Vue & TypeScript Guidelines#

Script Setup#

  • <script setup lang="ts"> is mandatory

  • Composition API usage is validated via ESLint

Reactive Patterns#

The following Vue APIs are allowed and expected:

  • ref

  • reactive

  • computed

  • watch / watchEffect

Usage should follow Vue best practices:

  • Avoid unnecessary watchers

  • Prefer computed properties over imperative updates

  • Keep side effects explicit and localized

Business logic should not live in components if it can be expressed via composables or stores.

Props and Emits Typing#

Props and emits must be fully typed using the Composition API helpers:

const props = defineProps<Props>();

const emit = defineEmits<{
  (event: 'update:modelValue', value: string | null): void;
}>();

This pattern is the preferred and expected style across the project.

State Management & Business Logic#

Stores vs Composables#

The recommended separation of concerns is:

  • Pinia stores

    • State

    • Caching

    • Cross-component data sharing

  • Composables

    • Orchestration logic

    • AAS-specific workflows

    • Backend interaction

API Access Rules#

  • Direct API calls from components are discouraged

  • Direct calls to AAS APIs are forbidden

All AAS-related backend interaction must go through the provided composables:

  • src/composables/AAS/AASHandling

  • src/composables/AAS/SubmodelHandling

  • src/composables/AAS/SMEHandling

  • src/composables/AAS/ConceptDescriptionHandling

  • Related client composables

This ensures consistent behavior, caching, and error handling.

AAS-Specific UI Guidelines#

Naming and Descriptions#

For all Identifiables and Referables:

  • Names must be resolved via nameToDisplay(...)

  • Descriptions must be resolved via descriptionToDisplay(...)

These utilities:

  • Apply consistent fallback logic

  • Respect language preferences

  • Are defined in src/composables/AAS/referableUtils

Note

The default language is English, but a different language can be provided explicitly.

Semantic IDs#

  • Semantic IDs should be visible in expert views

  • They may be hidden in pure viewer modes

Editing Rules#

Editing UI elements must respect feature flags:

  • Editing is only allowed if ALLOW_EDITING=true (default setting, can be overridden using environment variables)

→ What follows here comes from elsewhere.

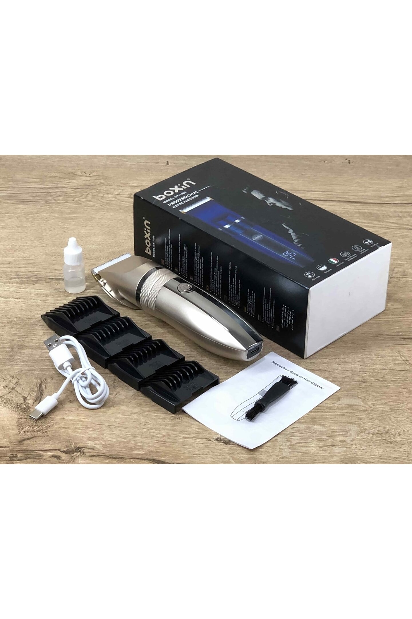 Saç Sakal Bıyık Ense Kılı Alıcı USB den Şarj Edilebilen Dijital Göstergeli Tıraş Makinesi Ürünün Teknik Özellikleri : Ortalama 5 Saat Şarj Süresi Kabloya Bağlı Olmadan Şarjlı Yapısı Sayesinde Pratik Ve Basit Kullanım Sağlar Özel Ayarlanabilir Keskin Bıçakları Sayesinde Rahat Ve Etkili Sonuç Verir Yüksek Kaliteli Paslanmaz Çelik Bıçaklar; Ayarlanabilir Başlıklı Ergonomik El Tipi Tasarımı İle Kullanımı Rahattır Kutu İçeriği : 1 Adet Tıraş Makinesi + 4 Adet Ayarlı Plastik Kesim Tarağı + 1 Adet USB Şarj İçin Kablo + 1 Adet Minik Kıl Temizleme Fırçası + 1 Adet Mini Yağlayıcı + Kullanım Kılavuzu;

  • UI must not expose editing actions otherwise

Plugins vs Modules (High-Level Guidance)#

A rough rule of thumb:

  • Plugins

    • Visualization can be chosen solely by semanticId

    • Scope is one submodel or submodel element

    • No overarching business logic

  • Modules

    • Cross-cutting or workflow-oriented use cases

    • Multiple submodels or templates involved

    • Complex logic or large visualizations

Detailed instructions are provided in the dedicated sections:

Code Style & Linting#

Code style is enforced via ESLint and Prettier.

Key conventions:

  • Prettier formatting via ESLint

  • Sorted imports (lint-enforced)

  • No default exports (Vue SFCs excepted)

  • Use the @/ alias for absolute imports

  • Absolute paths must respect the configured base path

Hint

Run pnpm lint:fix before opening a pull request to resolve formatting and style issues locally.

Testing Considerations#

Detailed testing guidance is covered in the Testing & Quality Assurance section.

Within design guidelines:

  • Utility functions are expected to include tests

  • UI and component tests are encouraged but not mandatory here

Summary#

Following these design guidelines ensures that the BaSyx AAS Web UI remains:

  • Consistent in look and behavior

  • Maintainable as the AAS specification evolves

  • Extensible for plugins, modules, and research prototypes

All contributors are expected to follow these conventions when extending or modifying the UI.